Compared with the prior art, the invention has the advantages that:
(1) the invention can realize the fusion of feature groups of different levels and various categories by utilizing a bilinear method, and the feature groups can be related feature groups of different levels and different frequencies; or similar feature groups extracted in different extraction modes, wherein the individual features have the original dimensionality. Because the fused feature map contains features of different levels and different types, the obtained feature information is more comprehensive, and a foundation is laid for improving the subsequent classification accuracy.

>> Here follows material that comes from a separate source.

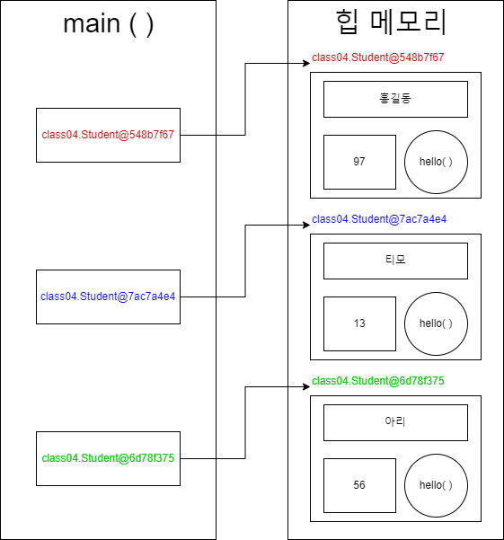 // 전부 다르게 나오며 new를 통해 힙메모리에 있어 주소값이 출력됨

(2) The invention further adopts a pyramid pooling method to reduce the dimension of the feature graph after bilinear fusion, and performs pooling operation of different sizes on the feature graph to obtain feature information of different resolutions, thereby effectively improving the identification precision of the network on the features. Compared with the traditional R-CNN dimension reduction method, the method has the advantages that the global feature map is divided by using windows with different scales, pooling is carried out on each feature region, weights of different layers are set, finally, features with uniform square sum and dimension are obtained through splicing, the numerical value of the features is far smaller than the dimension of the features under the R-CNN calculation mode, and the calculation efficiency is high.
Drawings
FIG. 1 is a flow chart of the method of the present invention;
FIG. 2 is a schematic diagram of bilinear pooling employed in the present embodiment;
fig. 3 is a schematic diagram of spatial pyramid pooling employed in the present embodiment.
Detailed Description
The invention is further described by the following detailed description in conjunction with the accompanying drawings.
As shown in fig. 1, the pooling method based on bilinear pyramid and spatial pyramid provided by the present invention combines bilinear pooling with spatial pyramid pooling, and is used for multi-feature fusion and reduction to obtain uniform dimensionality, and includes the following steps:
step 1: and acquiring screening data to obtain video streams. Part of data of the invention is from an INRIA XMAX multi-view video library, and part of data is shot and recorded by a monitoring system.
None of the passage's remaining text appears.